Start of Given information
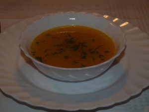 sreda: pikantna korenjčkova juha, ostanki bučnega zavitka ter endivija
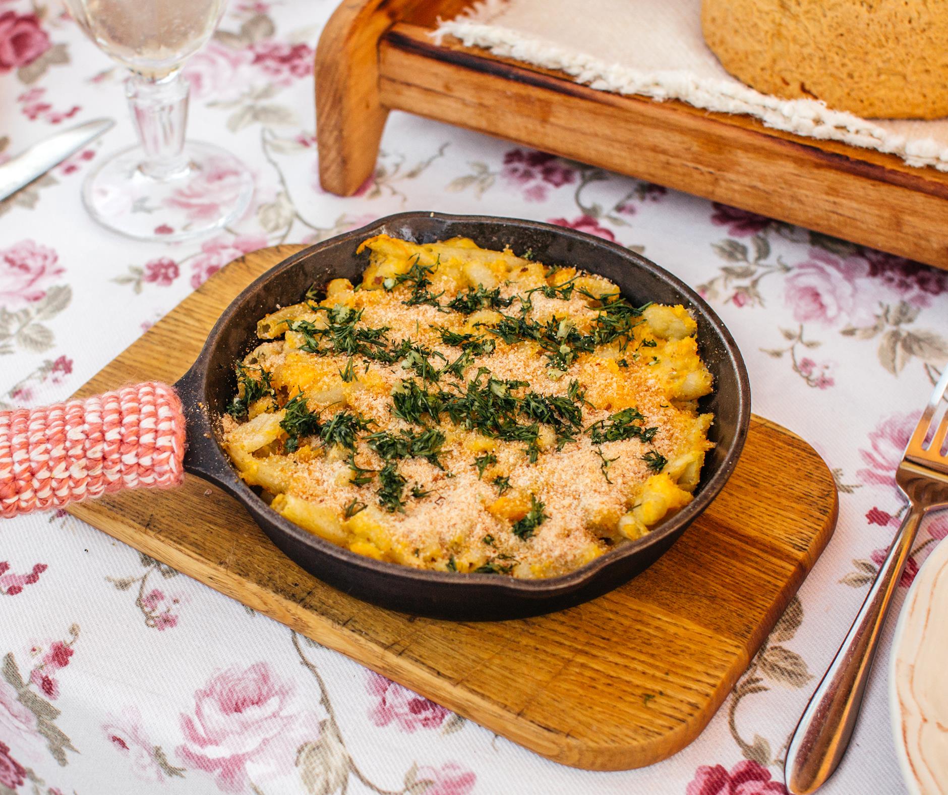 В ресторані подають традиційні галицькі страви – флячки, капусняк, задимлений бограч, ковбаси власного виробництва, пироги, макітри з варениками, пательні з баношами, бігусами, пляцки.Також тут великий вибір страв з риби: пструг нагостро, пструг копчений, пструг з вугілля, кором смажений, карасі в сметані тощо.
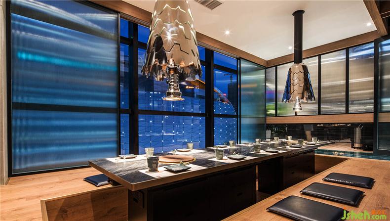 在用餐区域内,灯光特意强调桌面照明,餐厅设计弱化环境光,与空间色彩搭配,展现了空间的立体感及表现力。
End of Given information
Start of Given information
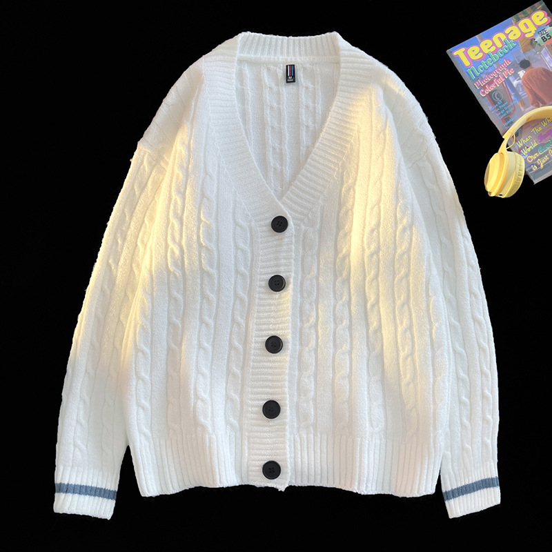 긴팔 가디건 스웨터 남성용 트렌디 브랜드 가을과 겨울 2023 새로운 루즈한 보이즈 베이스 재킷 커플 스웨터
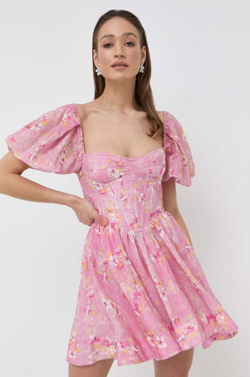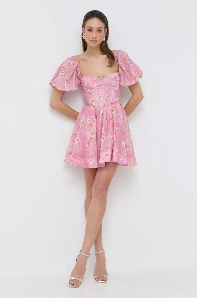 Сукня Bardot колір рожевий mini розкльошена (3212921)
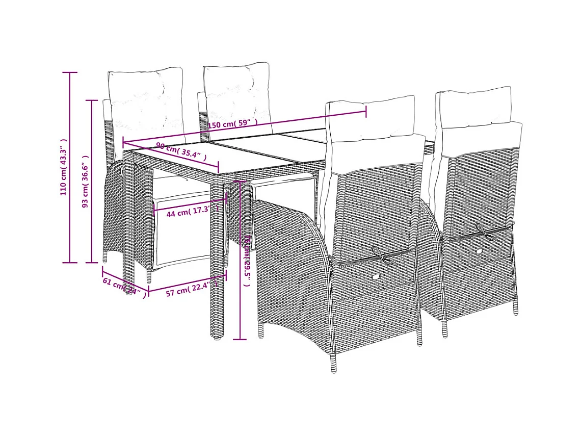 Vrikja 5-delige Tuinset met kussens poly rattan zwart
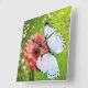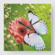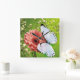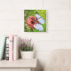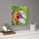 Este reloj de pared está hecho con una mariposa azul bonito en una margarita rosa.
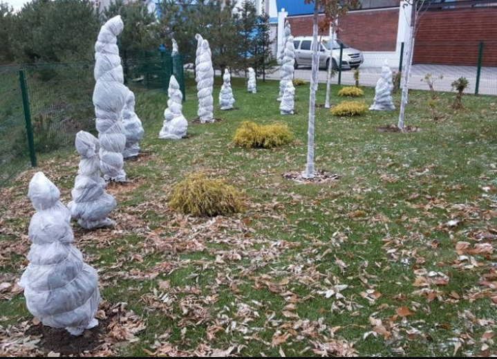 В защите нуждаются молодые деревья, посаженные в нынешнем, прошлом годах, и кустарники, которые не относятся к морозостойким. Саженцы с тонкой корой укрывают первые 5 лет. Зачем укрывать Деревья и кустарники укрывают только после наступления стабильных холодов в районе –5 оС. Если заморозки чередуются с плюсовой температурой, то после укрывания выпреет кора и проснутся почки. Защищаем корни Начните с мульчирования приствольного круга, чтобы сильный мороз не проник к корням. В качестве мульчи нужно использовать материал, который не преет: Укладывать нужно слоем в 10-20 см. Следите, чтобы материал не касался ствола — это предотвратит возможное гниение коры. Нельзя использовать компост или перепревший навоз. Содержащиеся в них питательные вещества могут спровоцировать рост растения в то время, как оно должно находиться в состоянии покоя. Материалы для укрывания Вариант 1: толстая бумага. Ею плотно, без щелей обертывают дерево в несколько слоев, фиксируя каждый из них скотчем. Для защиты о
End of Given information
The problem.
Pictures aside, return exactly the lines from the data above, starting at the line that has "sreda: pikantna korenjčkova" and ending at the line that has "在用餐区域内,灯光特意强调桌", both included.

Solution for this exercise.
 sreda: pikantna korenjčkova juha, ostanki bučnega zavitka ter endivija
 В ресторані подають традиційні галицькі страви – флячки, капусняк, задимлений бограч, ковбаси власного виробництва, пироги, макітри з варениками, пательні з баношами, бігусами, пляцки.Також тут великий вибір страв з риби: пструг нагостро, пструг копчений, пструг з вугілля, кором смажений, карасі в сметані тощо.
 在用餐区域内,灯光特意强调桌面照明,餐厅设计弱化环境光,与空间色彩搭配,展现了空间的立体感及表现力。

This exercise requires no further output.